在深度学习技术的推动下,基于编码器-解码器架构并结合注意力机制的序列到序列模型成为文本摘要研究中应用最广泛的模型之一,尤其在生成式文本摘要任务中取得显著效果。然而,现有的采用循环神经网络的模型存在并行能力不足和时效低下的局限性,无法充分概括有用信息,忽视单词与句子间的联系,易产生冗余重复或语义不相关的摘要。为此,提出一种基于Transformer和卷积收缩门控的文本摘要方法。利用BERT作为编码器,提取不同层次的文本表征得到上下文编码,采用卷积收缩门控单元调整编码权重,强化全局相关性,去除无用信息的干扰,过滤后得到最终的编码输出,并通过设计基础Transformer解码模块、共享编码器的解码模块和采用生成式预训练Transformer(GPT)的解码模块3种不同的解码器,加强编码器与解码器的关联,以此探索能生成高质量摘要的模型结构。在LCSTS和CNNDM数据集上的实验结果表明,相比主流基准模型,设计的TCSG、ES-TCSG和GPT-TCSG模型的评价分数增量均不低于1.0,验证了该方法的有效性和可行性。

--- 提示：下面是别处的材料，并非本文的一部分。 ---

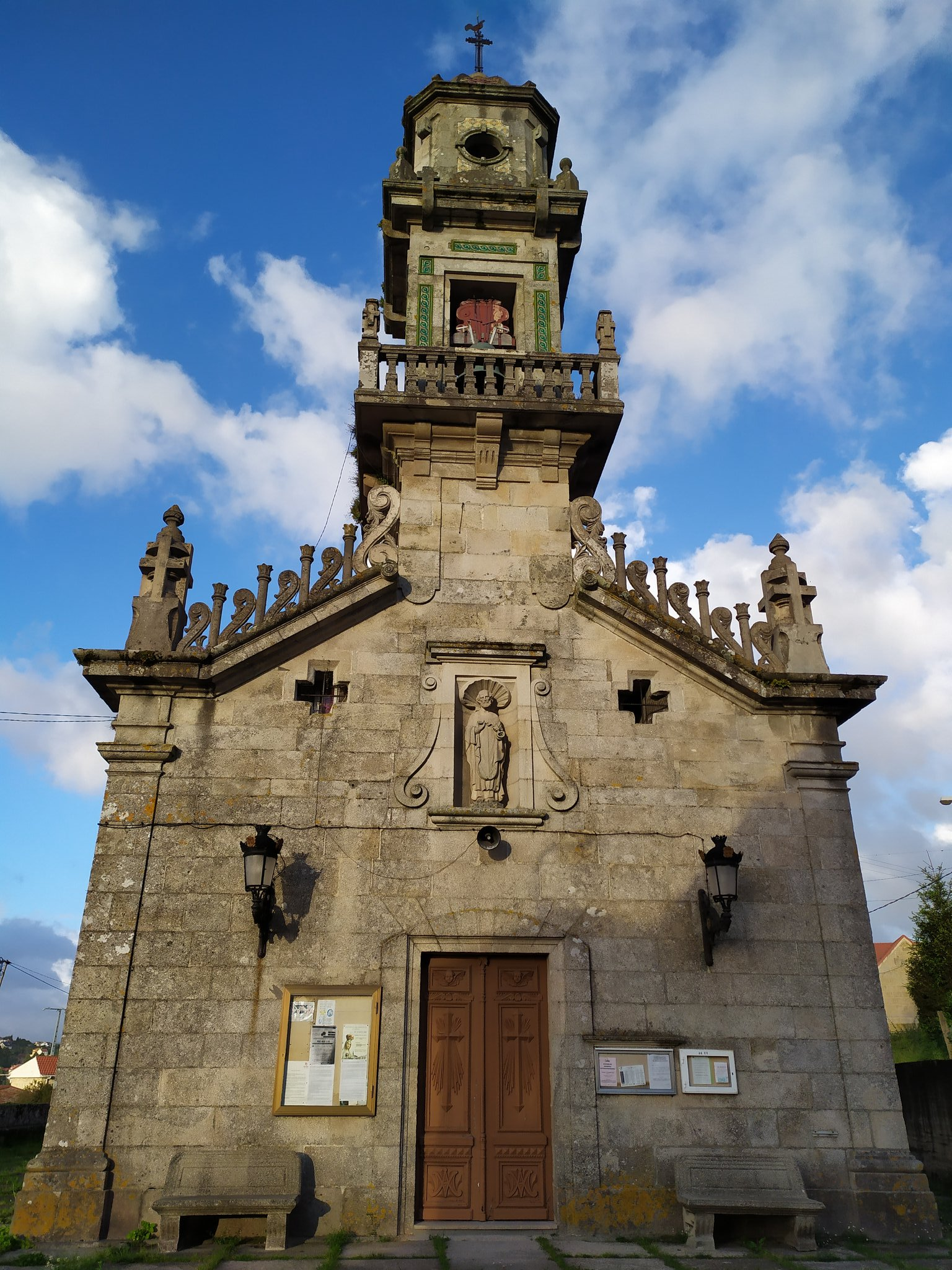 Church of San Pedro de Matamá
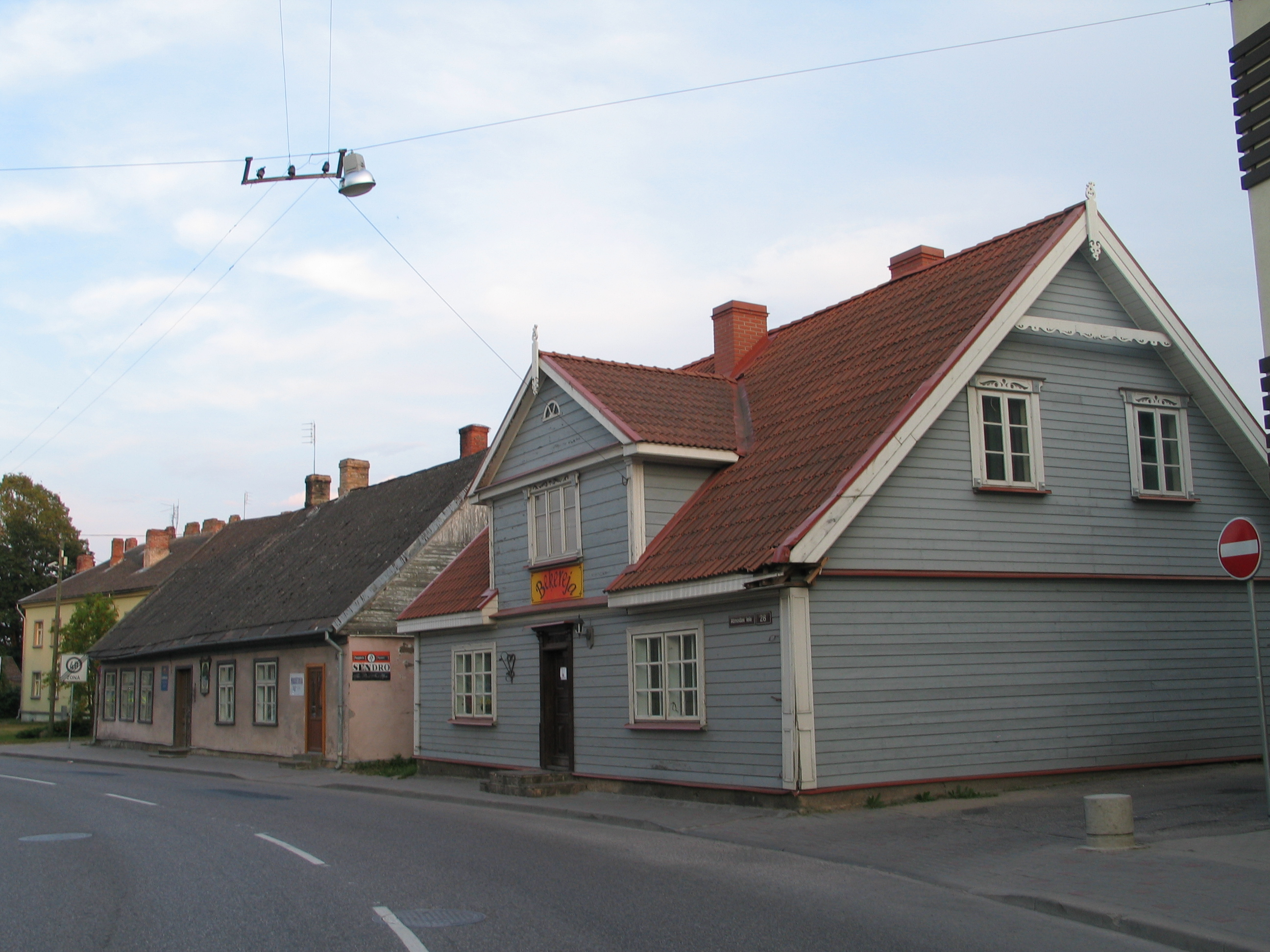 Atmodas street (Aizpute)

关键词: 生成式文本摘要, 序列到序列模型, Transformer模型, BERT编码器, 卷积收缩门控单元, 解码器

Abstract:

Driven by deep learning techniques, Sequence to Sequence(Seq2Seq) model, based on an encoder-decoder architecture combined with an attention mechanism, is widely utilized in text summarization research, particularly for abstractive text summarization tasks. Remarkable results are achieved by this model. However, limitations are faced by existing models using Recurrent Neural Network(RNN), such as insufficient parallelism, low time efficiency, and a tendency to produce summaries that are either redundant, repetitive, or semantically irrelevant. Additionally, these models often fail to fully summarize useful information and ignore the connection between words and sentences. In response to these challenges, a text summarization method based on Transformer and convolutional shrinkage gating is proposed. Different levels of text representations are extracted using BERT as an encoder, which then obtains contextual encoding. The convolutional shrinkage gating unit is adopted to adjust encoding weights, strengthen global relevance, remove interference from useless information, and obtain the final encoding output after filtering. Three different decoders are designed: the basic Transformer decoding module, the decoding module with a shared encoder, and the decoding module using GPT. These are aimed at strengthening the association between encoder and decoder and exploring model structures capable of generating high-quality abstracts. Evaluation scores of the TCSG, ES-TCSG, and GPT-TCSG models in this method are shown to increment by no less than 1.0 on both LCSTS and CNNDM datasets, verifying the validity and feasibility of the method relative to mainstream benchmark models.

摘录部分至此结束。